From Dissipativity Theory to Compositional Abstractions of Interconnected Stochastic Hybrid Systems

TL;DR

This paper develops a framework for creating simplified stochastic hybrid system models from complex interconnected systems using dissipativity theory, enabling easier controller design without requiring identical noise processes.

Contribution

It introduces new conditions for compositional abstraction of stochastic hybrid systems considering nonlinearities and differing noise processes, advancing the state of the art in system simplification.

Findings

Effective abstraction construction for stochastic hybrid systems.

Applicability to systems with nonlinearities satisfying quadratic inequalities.

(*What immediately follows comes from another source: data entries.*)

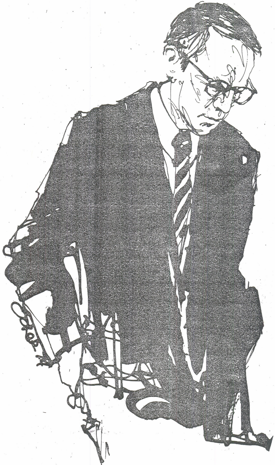
John W. Dean III, counsel to the President
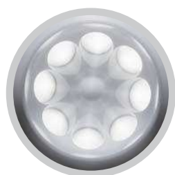
Dividing head 1:8
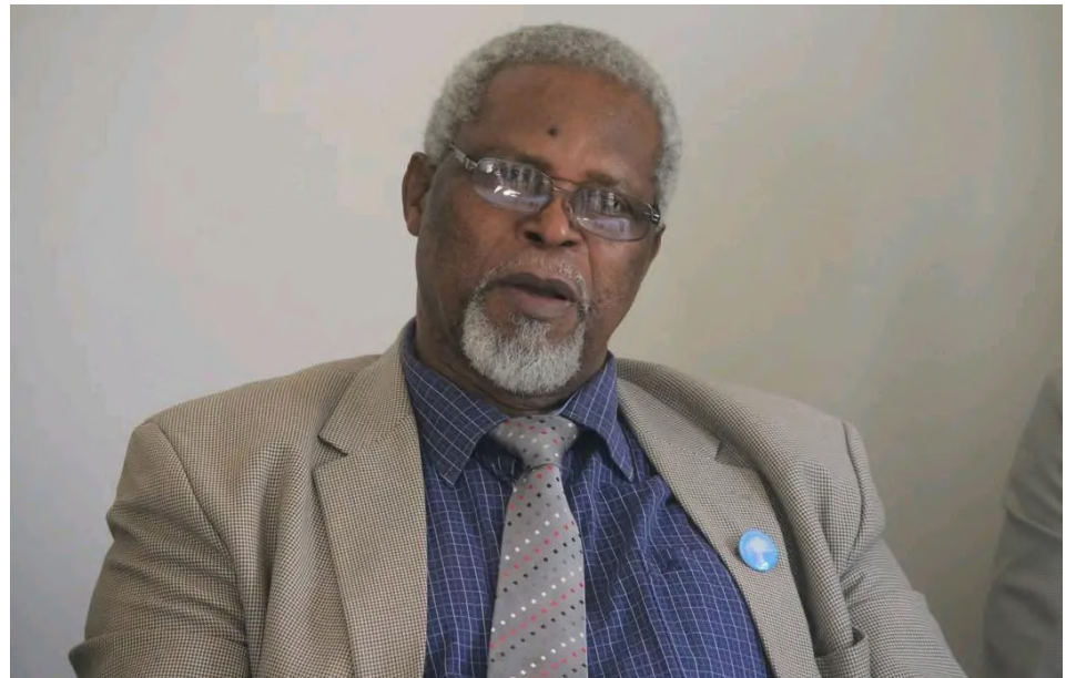
▲ Bishop Samson Hlatjwako.

Furthermore, the discussions highlighted broader challenges facing religion in Eswatini. Rapid growth in the number of
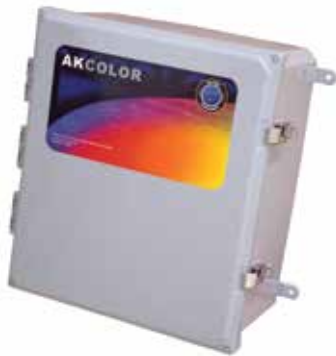
AKColor Colorimetric Chemical Feeder
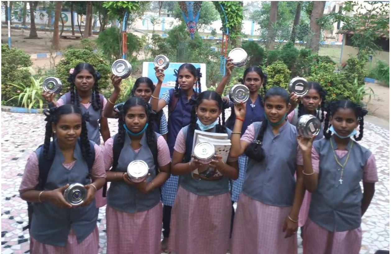
Above: A number of our girls won a prize in a writing test that took place at school in December. They proudly received the prize in January. / Below: The promised photos of the house construction.

The next transfer to India (with all special donations received until then) will probably take place in mid / end February 2022.
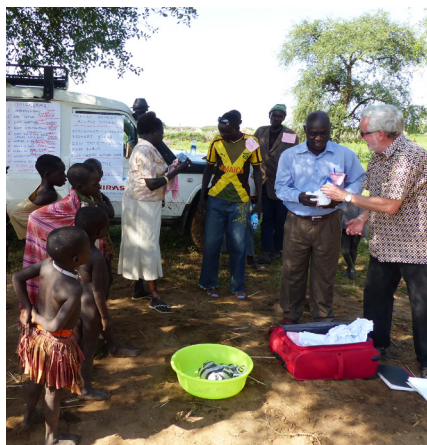
A CLTS triggering in Napatet in Kapoeta North County, South Sudan.

Following independence and the restoration of peace in 2006, the government and other agencies were ready to consider sanitation approaches that would better serve the long-term needs of the country. This led to the introduction of CLTS on a pilot basis. However, to begin with there was stiff resistance from many WASH agencies and actors in the country, who maintained that CLTS was inappropriate for a country
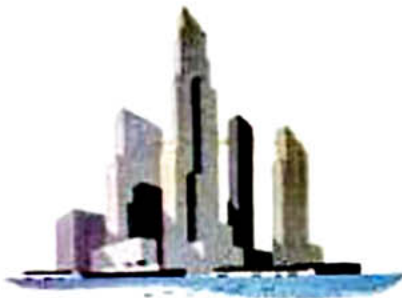
LIVELY AS NEW YORK!
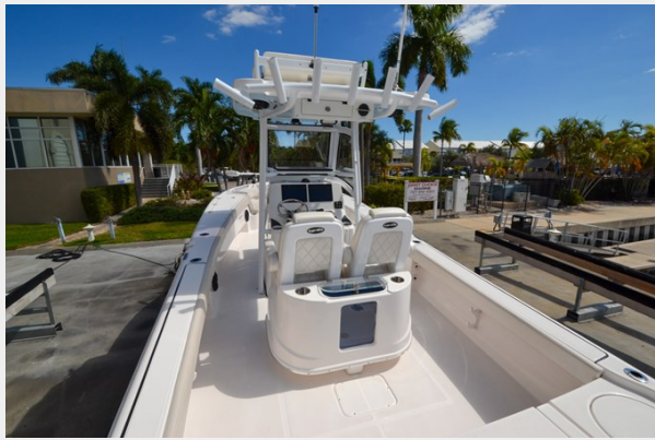
2021 Blue Wave 2800 Makira 55
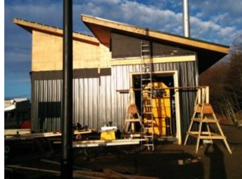
Old Massett Village Council - District Heating System
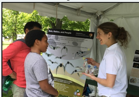
Policy, education, and outreach

Who: Eligible students will be in their 4 th year of veterinary training during the time of the externship. Six to eight students will be accepted each year.
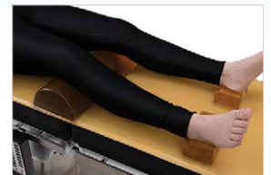
Shown with Heel Support and Overlay
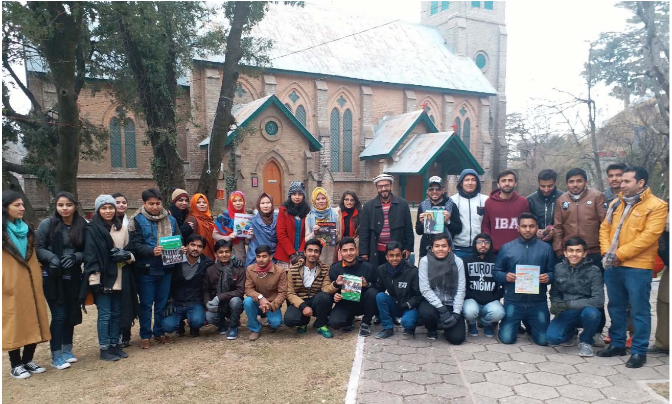
Visit to Holy Trinity Church, Murree
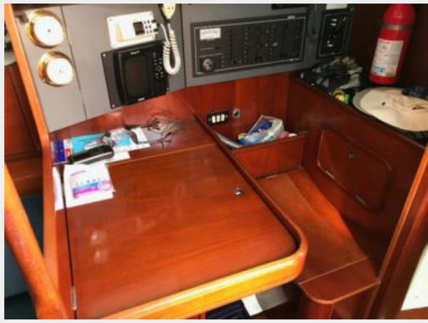
7214066_20190912112758464_1_XLARGE - Copy
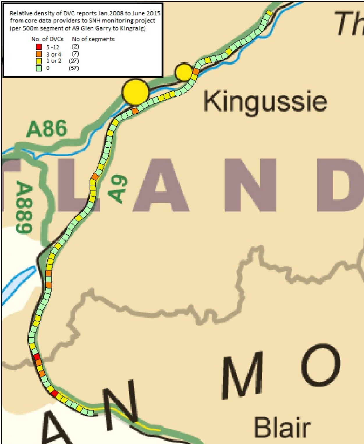
Figure 12.11.1: Heat map of relative DVC density by 500m sections of A9 Glen Garry to Kinraig 2008 to 2015
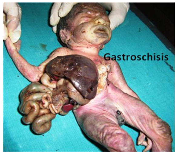
Fig 1: Right sided Gastroschisis.

The defect is paraumbilical with evisceration of stomach, liver, gall bladder, small bowel loops, large bowel loops which were normal, no membranous covering, no cardiac and urogenital involvement but associated with kyphosis and scoliosis towards right side with congenital talipes equino varus (CTEV) on left side. (Fig 1, 2).
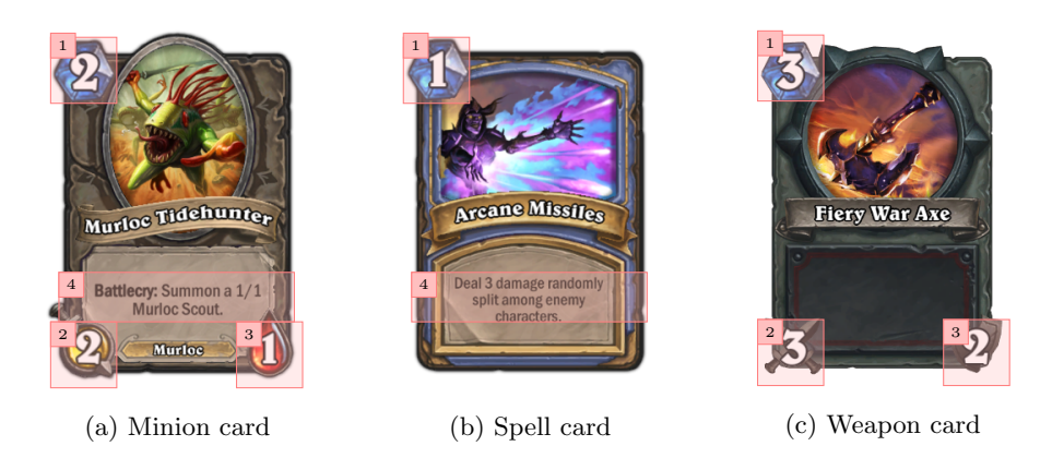
Fig. 2: General card types: cards include (1) mana cost , (2) attack damage, (3) health/durability, (4) and special effects.

number of attacks till the weapon breaks. Only one weapon can be equipped at the same time.
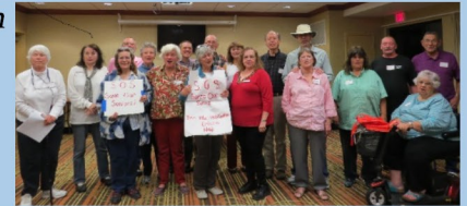
→ MHAction LCT in September in Arcata, Calif., with the Humboldt Mobilehome Owners Coalition .
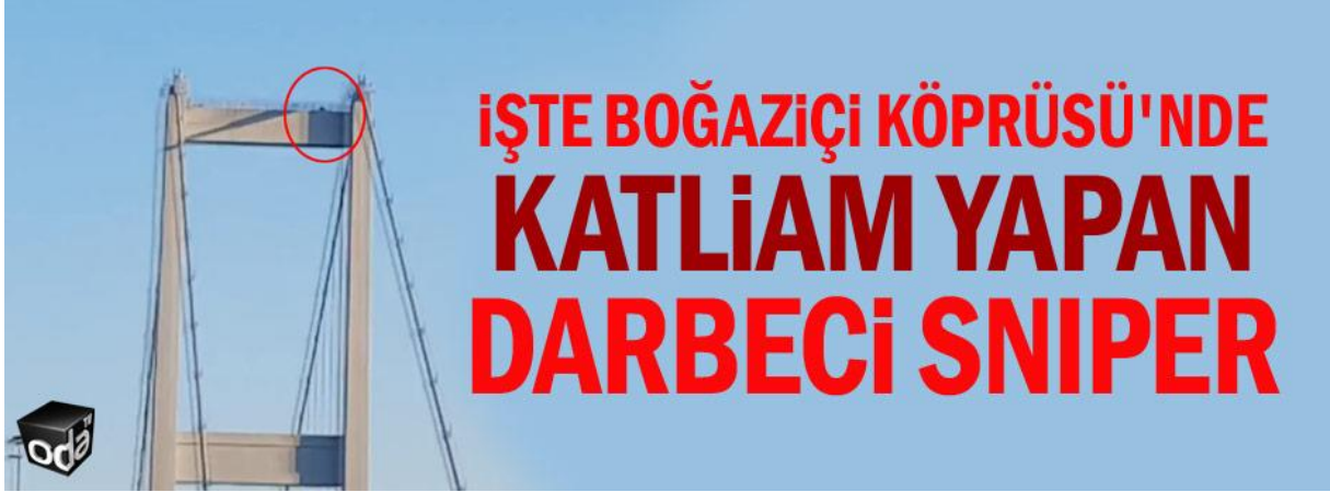
Image 2 July 21, 2016 dated OdaTV news that creating a sniper perception with photo at daylight

Claiming that there was a sniper, who killed lots of people, on the bridge. To be convincing, they show this picture as you see there is only a tarnish. 2 3
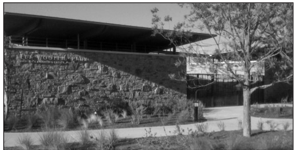
Ella Wooten Park
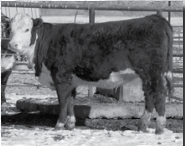
DCR 479 Lauretta Supreme Female 2018 Hot Springs County Fair

DCR 99 DCR 479 Range Boss 8616 BW: 76 WW: 700 YW: 994 Age of Dam: 3 11/22/2018 PAP: 45
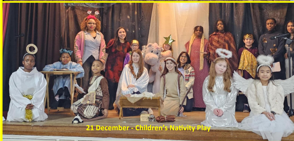
21 December - Children's Nativity Play
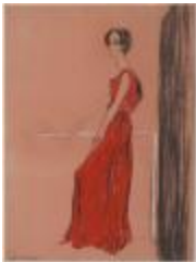
Red Evening Dress with Cowl-Necked Front and Back (KA008601_MCB3_f03_01)
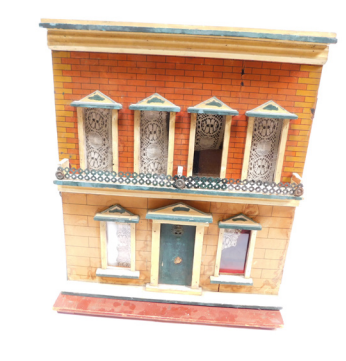
A mid 20thC Georgian style dolls house, with fixed roof, open windows, and fixed door, and a small quantity of accessories, 60cm high. SOLD for £300
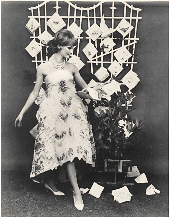
A Marianne Couture model, St. Gall, worked with approximately 120 handkerchiefs
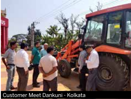
Customer Meet Dankuni - Kolkata
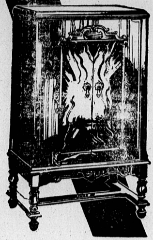
VICTOR RADIO HOME-RECORDING ELECTROLA RE-57 $397.50, Complete with tubes
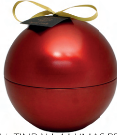
SKU: TINBALL.11.XMAS.RED Scent: Winter Glow Size: L.11 x B.11 x H.11 cm Quantity: 4
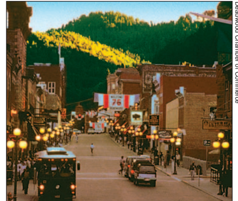
Deadwood Chamber of Commerce

Thompson Industries capped the evening by sponsoring the transportation for the whole group to go up the road to Deadwood for a little entertainment.
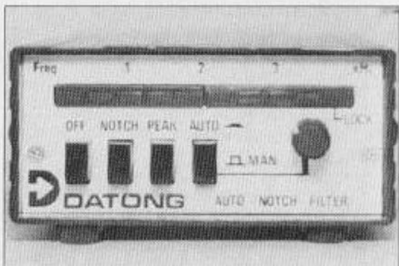
Photo C. The ANF is the best "black box" I have seen in a very long time. I strongly recommend it.
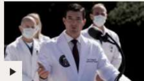
President's doctor 'extremely happy' with progress
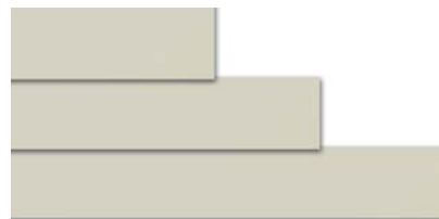
Color Shown: Cobble Stone

Beaded Select Cedarmill® and Beaded Smooth
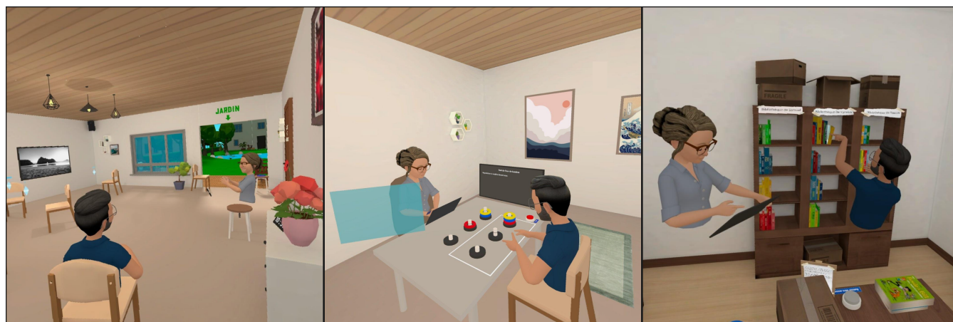
Figure 3. The clinic is composed of various environments. From left to right: Waiting room with different chairs and waiting activities, the female practitioner welcomes the patient; Consultation room with a desk-based activity (here a version of the Tower of London test); Both users in a standalone activity environment (here Shelves that we developed for executive function testing, see Ribeiro et al. (2024)).

We can now rapidly describe the various environments we have developed (Fig. 3). The waiting room is an environment that allows the user to teleport from chair to chair (or bench when outside in the garden) and carry out waiting activities. Amongst the ones we have designed with the medical members of our team, we implemented the following: an activity for controlling one's respiration; another for consulting medical information and newspapers on a table; a contemplation activity with large scale images accompanied with sound; and a gardening stand where patients can select and plant flowers creatively. The consultation room features a desk, where the practitioner has access to a control panel and several screens, one of them for sharing information with the patient. The control panel allows to launch tests, control their unfolding and access the resulting data. In our prototype we have implemented a fully functional version of the "Tower of London" test. Lastly, both the patient (by standing and moving) and the practitioner (staying in the chair) can go into standalone tests environments , where the patient carries out the activity while the practitioner controls and observes the task, getting information on the control tablet.
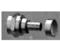
Crimp-On F-59 (M) with Separate 1/8" Ring.

(Use 24-7710 or 24-8866P for the following connectors)
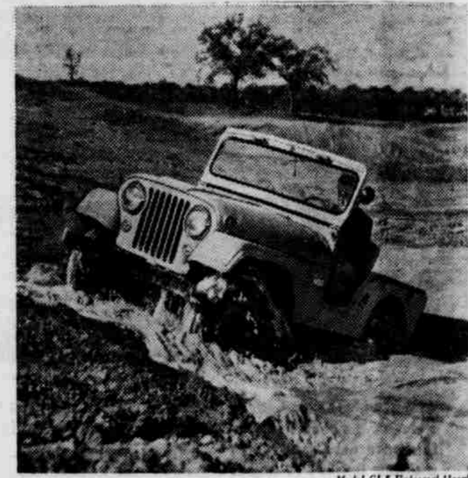
Model CJ-3 Universal 'Jeep'
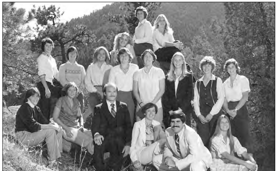
Rene Portland's 1979-80 team was Colorado's first to be nationally ranked.

March 13, 1995 —Colorado is voted the second-ranked team in the country in the final Associated Press poll of the 1994-95 season. It is the highest ranking in the program's and
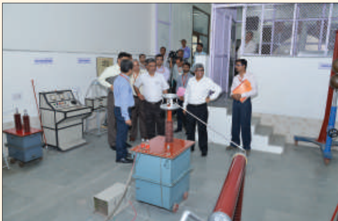
NAAC Peer Team Members during the visit to the Institutes and the University

The results of the accreditation were approved by the NAAC Standing Committee in its meeting held on November 15, 2015. The committee has recommended 'A' Grade for the University.
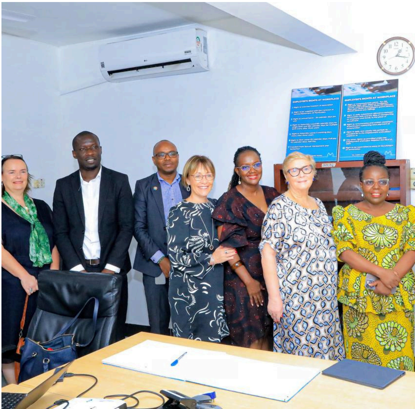
Hon. Frances Fitzgerald, a senior Irish politician, alongside delegates from the Embassy of Ireland in Tanzania and key civil society leaders, during their visit to LHRC Legal Aid.

During the discussions, Hon. Fitzgerald shared Ireland's experience in advocating for human rights and how the country's legal system ensures access to justice, while offering her insights on potential reforms that could strengthen the legal aid system in Tanzania.
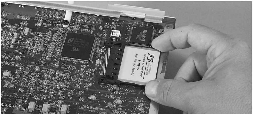
Figure 2-5 Compact Flash Insertion
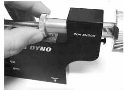
Now, lock the adjustment using the round knob as shown
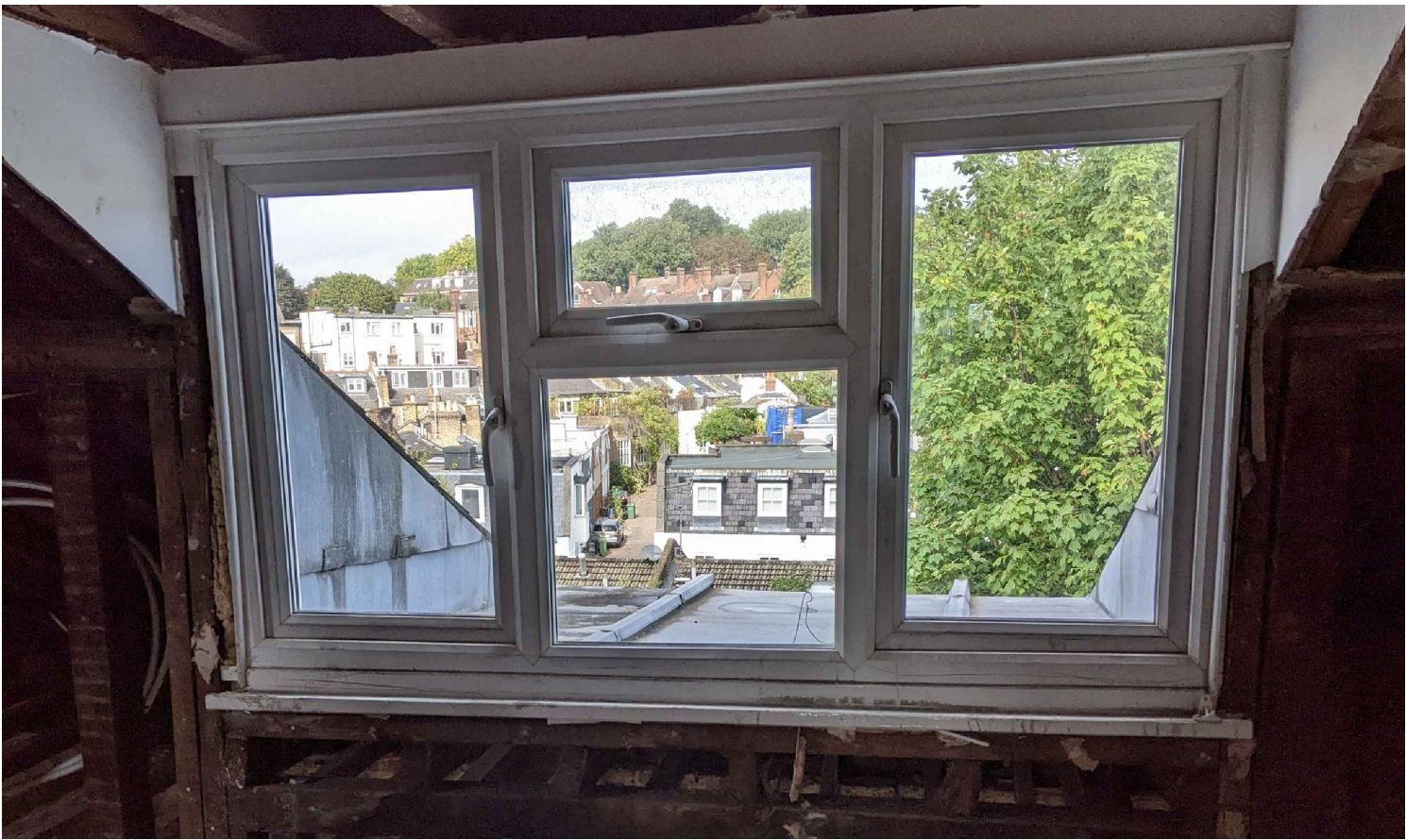
Existing dormer window looking towards rear garden.
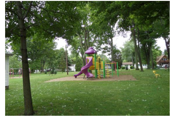
2 - Playgrounds
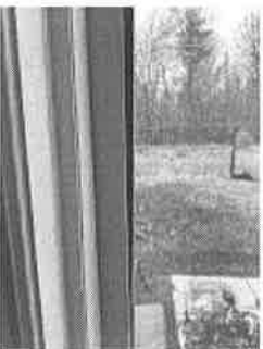
Left side 3.jpg 635K
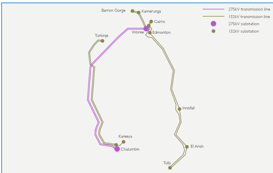
Figure 2.1: Far North zone transmission network

In 2005, a 132kV Static Var Compensator (SVC) was installed to improve the transfer of electricity across the Far North zone network by reducing losses and stabilising power flows. A second 275/132kV transformer was installed in 2007.
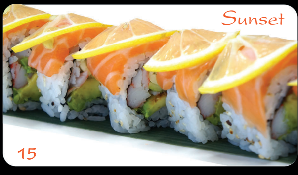
California roll with fresh salmon and thin lemon slices on top (Gluten-Free)
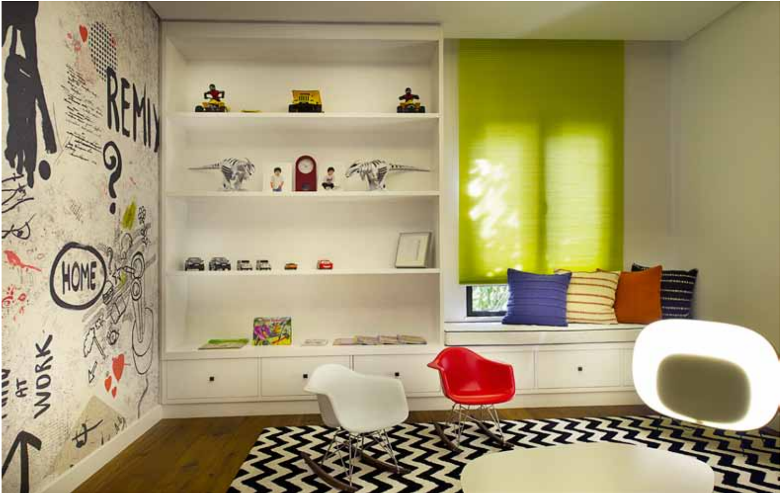
A colourful and vibrant child's room.
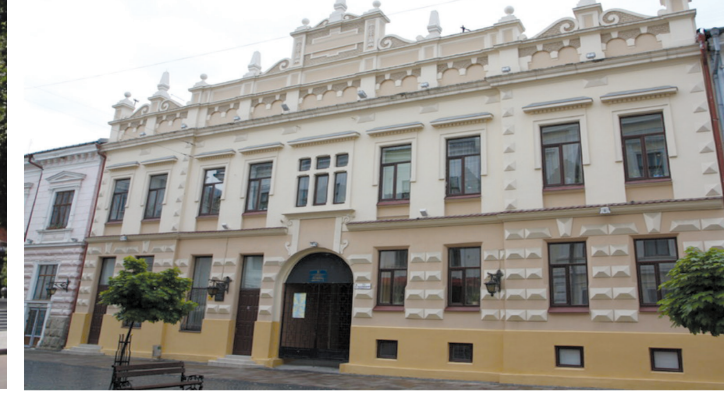
III. 2. Zhytomyr Regional Philharmonic named after S. Richter [16]
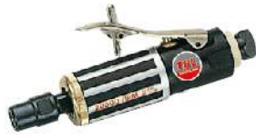
TG-7130(M) 0.3Hp 1/4" (6mm) Mini Air Die Grinder

Numerical examples demonstrating the approach's effectiveness.

Abstract

In this work, we derive conditions under which compositional abstractions of networks of stochastic hybrid systems can be constructed using the interconnection topology and joint dissipativity-type properties of subsystems and their abstractions. In the proposed framework, the abstraction, itself a stochastic hybrid system (possibly with a lower dimension), can be used as a substitute of the original system in the controller design process. Moreover, we derive conditions for the construction of abstractions for a class of stochastic hybrid systems involving nonlinearities satisfying an incremental quadratic inequality. In this work, unlike existing results, the stochastic noises and jumps in the concrete subsystem and its abstraction need not to be the same. We provide examples with numerical simulations to illustrate the effectiveness of the proposed dissipativity-type compositional reasoning for interconnected stochastic hybrid systems.